Friday, October 31, 2008

Free Women and The Golden Notebook



I read Doris Lessing's The Golden Notebook some months ago for book club. It was a fascinating novel. There are multiple characters. There are all sorts of interesting themes to the book. Particularly about group dynamics - one of the main characters is a communist. She's actually dating the "alpha male" leader in the communist group in Africa. Other themes include race in colonial Africa and the process of writing, parenting, idealism and going through a nervous breakdown (expecting life and the world to be different than they are).

The novel is considered a classic, particularly a feminist classic. So I hesitate to offer much criticism of the writing or the themes. My book club found (and I agreed) that some of the characters were not terribly sympathetic. The male characters were not fleshed out (perhaps that was part of the point). The female characters seemed to do inconsistent things. Inconsistent not in a "human" way, more in a "what were you thinking?" type of way. It may have also been over-wrought/over-analyzed - too detailed.

At one point, one of the characters, a mother, writes that the only thing she is living for is her daughter, Janet. Yet throughout the book, the daughter (Janet) is an empty character, barely fleshed out. You rarely see any caring gestures from the mother towards the daughter, The mother (I think it was Anna) - seemed to like the "idea" of her daughter more than her daughter herself.

With that said, it was written prior to "The Feminist Mystique", in a time before many of the societal issues surrounding women were being explored. It spoke about the different "compartments" that women were forced to live in, the main character writes about different aspects of her life in four separate notebooks.

One of the more thought-provoking parts of the novel was the notion of "free women". Free women being defined as women without a husband. The main characters are free, both divorced - and yet their lives still are not really free. They (the women) still seem to make choices based on the men in their lives. Anna, in particular, has a long
affair with a married man - and is devastated when he breaks off the relationship. Despite being a self-supporting single mom (and being proud of that), she can't seem to break free of being focused on when he will call, making dinner for him when he stops by, etc. She observes that to some extent, although she'd like to think she was
"free", and some of the more traditional wives might be jealous of her situation - she's actually just another side of the same coin as the wife.
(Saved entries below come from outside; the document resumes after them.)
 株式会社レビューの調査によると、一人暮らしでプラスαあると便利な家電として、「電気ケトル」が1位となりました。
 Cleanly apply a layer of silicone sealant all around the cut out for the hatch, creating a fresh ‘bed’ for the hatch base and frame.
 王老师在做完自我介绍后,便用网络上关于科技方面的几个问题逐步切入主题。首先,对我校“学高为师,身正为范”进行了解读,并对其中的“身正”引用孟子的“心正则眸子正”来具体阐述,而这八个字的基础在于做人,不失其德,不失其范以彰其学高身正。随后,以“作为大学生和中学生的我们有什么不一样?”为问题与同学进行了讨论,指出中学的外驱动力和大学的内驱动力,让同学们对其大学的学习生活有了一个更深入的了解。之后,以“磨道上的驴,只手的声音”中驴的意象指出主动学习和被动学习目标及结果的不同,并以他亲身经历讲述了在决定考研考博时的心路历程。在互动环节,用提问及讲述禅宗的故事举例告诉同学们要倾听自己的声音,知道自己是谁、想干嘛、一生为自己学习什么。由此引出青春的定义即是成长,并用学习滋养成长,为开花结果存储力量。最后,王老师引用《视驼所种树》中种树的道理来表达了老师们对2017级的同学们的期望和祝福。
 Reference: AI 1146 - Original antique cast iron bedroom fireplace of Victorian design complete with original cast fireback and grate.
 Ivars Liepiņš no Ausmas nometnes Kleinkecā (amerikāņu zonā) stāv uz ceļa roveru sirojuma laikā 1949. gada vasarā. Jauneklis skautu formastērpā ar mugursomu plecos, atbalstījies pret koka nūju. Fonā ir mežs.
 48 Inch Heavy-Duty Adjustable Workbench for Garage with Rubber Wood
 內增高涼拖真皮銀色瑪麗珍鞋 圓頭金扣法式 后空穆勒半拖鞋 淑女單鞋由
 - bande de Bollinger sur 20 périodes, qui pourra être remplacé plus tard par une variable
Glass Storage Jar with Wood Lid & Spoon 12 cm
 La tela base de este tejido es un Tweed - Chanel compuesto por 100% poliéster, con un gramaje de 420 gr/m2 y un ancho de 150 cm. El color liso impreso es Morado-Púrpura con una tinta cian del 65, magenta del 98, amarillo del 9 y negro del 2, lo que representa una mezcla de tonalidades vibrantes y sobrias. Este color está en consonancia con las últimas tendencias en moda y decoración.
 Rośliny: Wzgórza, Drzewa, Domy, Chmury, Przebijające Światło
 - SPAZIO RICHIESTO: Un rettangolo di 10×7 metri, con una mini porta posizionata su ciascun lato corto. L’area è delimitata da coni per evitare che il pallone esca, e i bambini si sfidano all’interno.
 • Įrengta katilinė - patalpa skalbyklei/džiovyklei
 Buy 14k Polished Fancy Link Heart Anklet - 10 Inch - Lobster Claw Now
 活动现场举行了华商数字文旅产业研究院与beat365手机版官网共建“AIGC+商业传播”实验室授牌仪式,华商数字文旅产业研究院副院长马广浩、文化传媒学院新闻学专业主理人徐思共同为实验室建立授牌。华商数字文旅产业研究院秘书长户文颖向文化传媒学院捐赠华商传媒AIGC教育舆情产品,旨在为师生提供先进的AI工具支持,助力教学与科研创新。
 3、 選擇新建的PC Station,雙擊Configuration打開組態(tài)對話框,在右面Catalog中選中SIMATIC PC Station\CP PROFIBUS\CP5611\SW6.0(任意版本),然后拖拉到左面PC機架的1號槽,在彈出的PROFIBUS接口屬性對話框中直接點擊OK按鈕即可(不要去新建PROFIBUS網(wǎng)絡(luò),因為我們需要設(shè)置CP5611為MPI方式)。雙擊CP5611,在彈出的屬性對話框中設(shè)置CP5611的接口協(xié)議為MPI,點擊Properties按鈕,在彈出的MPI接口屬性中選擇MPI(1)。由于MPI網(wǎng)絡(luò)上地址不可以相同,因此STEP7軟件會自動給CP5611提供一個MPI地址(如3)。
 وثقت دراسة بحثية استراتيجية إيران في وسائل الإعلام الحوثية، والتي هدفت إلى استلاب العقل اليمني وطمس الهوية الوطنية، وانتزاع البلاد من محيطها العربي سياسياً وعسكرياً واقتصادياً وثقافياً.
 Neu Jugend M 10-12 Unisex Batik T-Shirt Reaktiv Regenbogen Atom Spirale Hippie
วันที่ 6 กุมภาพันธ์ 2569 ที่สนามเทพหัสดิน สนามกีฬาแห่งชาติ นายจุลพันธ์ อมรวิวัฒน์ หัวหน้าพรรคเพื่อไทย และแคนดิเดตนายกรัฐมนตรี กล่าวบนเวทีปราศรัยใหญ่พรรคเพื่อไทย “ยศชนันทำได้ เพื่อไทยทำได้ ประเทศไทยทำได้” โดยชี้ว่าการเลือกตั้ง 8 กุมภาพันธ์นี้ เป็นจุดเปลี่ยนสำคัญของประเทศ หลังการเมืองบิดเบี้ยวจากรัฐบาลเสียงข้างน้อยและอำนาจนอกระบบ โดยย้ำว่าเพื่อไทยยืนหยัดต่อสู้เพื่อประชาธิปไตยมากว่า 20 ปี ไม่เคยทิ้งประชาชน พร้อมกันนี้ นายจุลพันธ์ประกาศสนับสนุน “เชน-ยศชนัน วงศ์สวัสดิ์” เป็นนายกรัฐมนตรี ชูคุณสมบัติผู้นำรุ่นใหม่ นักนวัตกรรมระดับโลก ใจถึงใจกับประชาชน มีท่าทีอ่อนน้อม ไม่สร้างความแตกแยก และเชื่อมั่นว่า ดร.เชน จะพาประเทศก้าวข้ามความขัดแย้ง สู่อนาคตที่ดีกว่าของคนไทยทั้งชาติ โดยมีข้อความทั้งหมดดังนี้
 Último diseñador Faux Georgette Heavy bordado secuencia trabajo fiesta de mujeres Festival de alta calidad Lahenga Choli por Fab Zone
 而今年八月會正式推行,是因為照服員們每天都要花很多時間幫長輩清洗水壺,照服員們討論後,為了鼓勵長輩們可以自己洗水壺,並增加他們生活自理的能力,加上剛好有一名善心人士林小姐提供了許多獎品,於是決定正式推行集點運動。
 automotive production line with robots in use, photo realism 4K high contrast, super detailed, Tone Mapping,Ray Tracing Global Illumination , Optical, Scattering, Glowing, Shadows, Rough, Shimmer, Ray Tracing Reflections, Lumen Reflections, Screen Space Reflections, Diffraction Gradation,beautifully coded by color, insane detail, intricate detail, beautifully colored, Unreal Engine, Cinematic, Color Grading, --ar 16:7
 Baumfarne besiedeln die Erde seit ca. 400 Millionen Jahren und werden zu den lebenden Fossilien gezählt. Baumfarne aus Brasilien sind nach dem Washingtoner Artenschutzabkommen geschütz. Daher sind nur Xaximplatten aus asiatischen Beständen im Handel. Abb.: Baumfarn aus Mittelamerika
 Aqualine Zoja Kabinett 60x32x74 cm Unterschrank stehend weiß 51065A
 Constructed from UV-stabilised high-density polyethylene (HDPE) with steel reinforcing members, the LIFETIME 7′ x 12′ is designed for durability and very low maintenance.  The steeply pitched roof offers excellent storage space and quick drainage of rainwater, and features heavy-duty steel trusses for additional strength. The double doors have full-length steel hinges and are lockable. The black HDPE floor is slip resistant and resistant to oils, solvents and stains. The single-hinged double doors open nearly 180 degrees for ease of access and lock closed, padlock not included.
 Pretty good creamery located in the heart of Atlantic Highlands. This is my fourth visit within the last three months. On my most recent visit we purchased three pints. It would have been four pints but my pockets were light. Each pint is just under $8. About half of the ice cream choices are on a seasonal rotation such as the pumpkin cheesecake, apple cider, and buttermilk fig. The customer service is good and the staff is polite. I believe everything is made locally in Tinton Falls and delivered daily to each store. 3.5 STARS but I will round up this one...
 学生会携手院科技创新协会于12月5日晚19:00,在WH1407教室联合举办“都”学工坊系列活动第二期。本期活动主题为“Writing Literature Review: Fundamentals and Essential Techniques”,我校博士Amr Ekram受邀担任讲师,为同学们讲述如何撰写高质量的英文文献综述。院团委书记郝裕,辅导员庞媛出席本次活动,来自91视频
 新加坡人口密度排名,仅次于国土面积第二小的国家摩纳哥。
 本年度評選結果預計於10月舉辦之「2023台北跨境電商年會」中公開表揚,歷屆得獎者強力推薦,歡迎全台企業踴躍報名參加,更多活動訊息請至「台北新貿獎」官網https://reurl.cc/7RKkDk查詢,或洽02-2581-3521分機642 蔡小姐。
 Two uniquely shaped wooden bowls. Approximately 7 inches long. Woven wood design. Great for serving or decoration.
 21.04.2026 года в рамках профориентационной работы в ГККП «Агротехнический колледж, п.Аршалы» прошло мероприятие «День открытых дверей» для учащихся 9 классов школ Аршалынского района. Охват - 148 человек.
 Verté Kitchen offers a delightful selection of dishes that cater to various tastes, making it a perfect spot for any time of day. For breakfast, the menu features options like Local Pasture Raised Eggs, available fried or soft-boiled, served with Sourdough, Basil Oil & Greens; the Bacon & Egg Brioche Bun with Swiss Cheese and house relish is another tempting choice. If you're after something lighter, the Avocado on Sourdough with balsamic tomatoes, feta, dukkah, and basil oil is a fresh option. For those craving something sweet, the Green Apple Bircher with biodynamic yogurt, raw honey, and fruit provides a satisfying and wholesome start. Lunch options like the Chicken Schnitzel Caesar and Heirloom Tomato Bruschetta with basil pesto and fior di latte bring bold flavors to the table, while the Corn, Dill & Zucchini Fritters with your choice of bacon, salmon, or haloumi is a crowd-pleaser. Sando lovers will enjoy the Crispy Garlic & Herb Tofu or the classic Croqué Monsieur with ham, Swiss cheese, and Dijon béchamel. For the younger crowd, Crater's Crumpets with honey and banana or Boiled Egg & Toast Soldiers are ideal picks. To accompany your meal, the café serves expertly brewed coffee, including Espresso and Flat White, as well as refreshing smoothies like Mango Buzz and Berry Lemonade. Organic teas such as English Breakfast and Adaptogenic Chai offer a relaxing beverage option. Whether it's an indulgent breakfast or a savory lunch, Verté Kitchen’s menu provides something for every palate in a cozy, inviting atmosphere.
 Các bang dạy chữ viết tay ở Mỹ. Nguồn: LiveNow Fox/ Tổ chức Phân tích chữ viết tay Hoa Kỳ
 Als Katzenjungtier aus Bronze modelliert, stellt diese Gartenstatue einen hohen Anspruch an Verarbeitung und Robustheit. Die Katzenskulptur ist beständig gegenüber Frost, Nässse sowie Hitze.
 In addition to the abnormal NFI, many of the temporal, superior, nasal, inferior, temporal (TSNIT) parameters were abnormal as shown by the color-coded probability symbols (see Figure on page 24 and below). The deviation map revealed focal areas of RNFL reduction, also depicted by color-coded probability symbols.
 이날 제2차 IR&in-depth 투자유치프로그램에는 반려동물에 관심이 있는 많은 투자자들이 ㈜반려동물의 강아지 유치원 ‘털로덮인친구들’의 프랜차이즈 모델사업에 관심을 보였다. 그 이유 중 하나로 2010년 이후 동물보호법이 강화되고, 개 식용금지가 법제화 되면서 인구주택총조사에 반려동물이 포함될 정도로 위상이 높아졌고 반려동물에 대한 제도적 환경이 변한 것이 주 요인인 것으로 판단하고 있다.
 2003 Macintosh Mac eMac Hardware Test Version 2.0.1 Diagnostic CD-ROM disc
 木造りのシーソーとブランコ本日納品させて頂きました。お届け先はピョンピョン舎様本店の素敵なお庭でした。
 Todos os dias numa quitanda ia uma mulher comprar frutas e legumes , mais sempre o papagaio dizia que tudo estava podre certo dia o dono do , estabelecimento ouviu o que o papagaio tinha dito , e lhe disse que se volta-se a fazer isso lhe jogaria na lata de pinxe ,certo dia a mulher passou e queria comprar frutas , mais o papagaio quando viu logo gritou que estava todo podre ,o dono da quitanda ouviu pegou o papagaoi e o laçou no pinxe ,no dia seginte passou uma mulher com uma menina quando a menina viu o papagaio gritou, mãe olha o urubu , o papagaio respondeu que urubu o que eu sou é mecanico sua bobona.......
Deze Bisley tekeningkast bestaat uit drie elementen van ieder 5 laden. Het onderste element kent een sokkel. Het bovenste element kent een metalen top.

The men in the story had mistresses, but they wouldn't leave their wives for their mistresses.

Women couldn't break free of being defined by where they were in relationship to a man.

I think of the scene in the movie "The Ice Storm" where Sigorney Weaver's character says to Kevin Kline's character, in turning him down, that she already has a husband - she didn't want another one.

I don't think Lessing is suggesting that things should be this way, but I don't think she has any answers either. I also find it hard to believe people considered it "abrasive and inflammatory" back in the day. I'm looking at it from a 21st century perspective though.

The novel is clearly a product of the time right after World War II, the 50s, prior to women's liberation.

This is an article Doris Lessing wrote about the novel:
January review in The Guardian

I think we're all a product of our surroundings, our society. It's up to us (as I read some great advice the other day) to strike out on our own. Some things we can get away from, some things we just can't. I would like to think that as a society we have moved past the notion that marriage brings happiness and security - or that being single is ideal. That throwing out convention will work. I don't know - it's complex because it's simultaneously saying that throwing out convention won't work, but it's also saying the current arrangement isn't working. I really have no idea where that leaves us.

Fortunately, we're no longer in the 50s, so my hope is that much of what Lessing observed has changed. I know it has, partially. Consciousness seems to be the most important piece to this puzzle.